Work order> Only one stretch of the data is wanted: the line containing "Cute blue octopus", the line containing "Карнаух Н.В. История", and every line between them, copied exactly.

Task inputs START

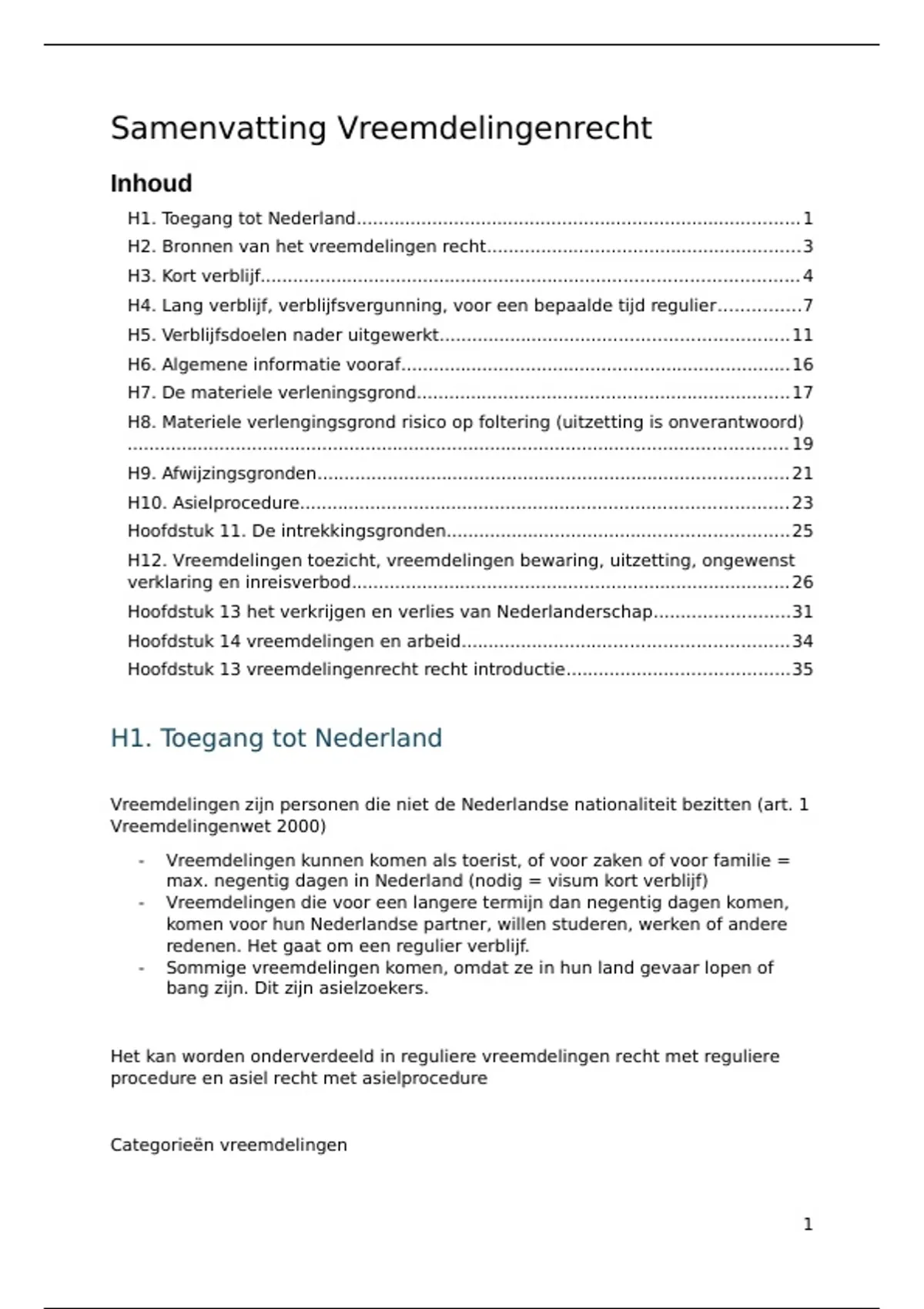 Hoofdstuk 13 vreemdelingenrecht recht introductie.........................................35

Task inputs END
Task inputs START

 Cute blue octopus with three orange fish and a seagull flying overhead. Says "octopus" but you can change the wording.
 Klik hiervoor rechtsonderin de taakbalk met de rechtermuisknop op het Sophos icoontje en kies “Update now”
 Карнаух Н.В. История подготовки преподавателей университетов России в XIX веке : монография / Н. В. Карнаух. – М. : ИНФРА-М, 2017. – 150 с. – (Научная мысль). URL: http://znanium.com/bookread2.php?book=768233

Task inputs END

Output of the task>
 Cute blue octopus with three orange fish and a seagull flying overhead. Says "octopus" but you can change the wording.
 Klik hiervoor rechtsonderin de taakbalk met de rechtermuisknop op het Sophos icoontje en kies “Update now”
 Карнаух Н.В. История подготовки преподавателей университетов России в XIX веке : монография / Н. В. Карнаух. – М. : ИНФРА-М, 2017. – 150 с. – (Научная мысль). URL: http://znanium.com/bookread2.php?book=768233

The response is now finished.